Sometimes corporate clients suffer from the ‘one in every pack’ syndrome – that is, a vexatious litigant who becomes a ringleader and encourages others less confrontational to fund his or her vendetta. This is of course not always how group claims are categorized. Sometimes individuals are right to create a team to battle wrongs if they have been truly committed.
This vexatious litigant had already filed some spurious claims in the courts – and even a criminal claim against a manager of a business of our client. All claims were dismissed.
He then went on to examine property sale and purchase agreements, some of which were signed nine or ten years prior to his vendetta, to try and find a minor petty violation. These contracts contained arbitration clauses constituting an agreement by the parties to have their disputes arbitrated.
Mr. Vexatious managed to create what he thought was a ‘war chest’ fund based on advice from his lawyers who appeared to be treating the matter as if it were litigation oriented and not arbitration oriented.
Multiple claims were filed and our client received such claims, all filed separately.
We then worked with our client on a clear strategy to
(a) ensure enough time was available to prepare Statements of Defence
(b) ensure that the Claimants became aware that they could not ‘join’ their claims together without the consent of the Respondent.
(c) Ensure that Claimants realized that as our client believed all claims were spurious and vendetta oriented, that our client was not going to pay any of the arbitration fees. It would then be up to the Claimants to pay if they were so inclined.
It was clear that at this stage the Claimants began to weaken.
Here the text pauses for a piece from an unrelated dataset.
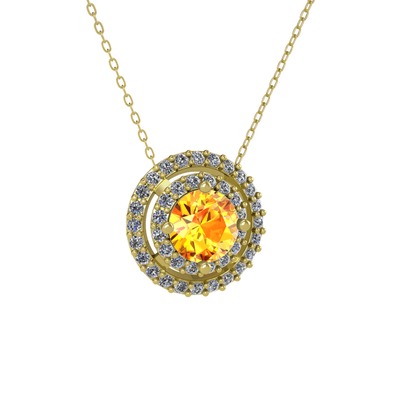 Sitrin ve pırlanta 18 ayar altın kolye (0.351 karat, 40 cm altın rolo zincir)

They had been misinformed by Mr. Vexatious as to what arbitration actually involved. They had clearly not understood or had not been advised properly as to the rules of arbitration and the concept of the agreement of the parties governing various matters about the way in which the dispute is conducted, including matters such as joinder.
The Claimants were out of their depth, swimming in unfamiliar waters, without the correct equipment or advice to guide them to the next stage.
Claims started to be withdrawn, and clearly the strategy was working.
It is clear that arbitration and litigation are materially different in many respects. One very important matter they have in common is the need for a well planned and adjustable strategy, and a wise assessment of the behaviour and actions of the other party(ies).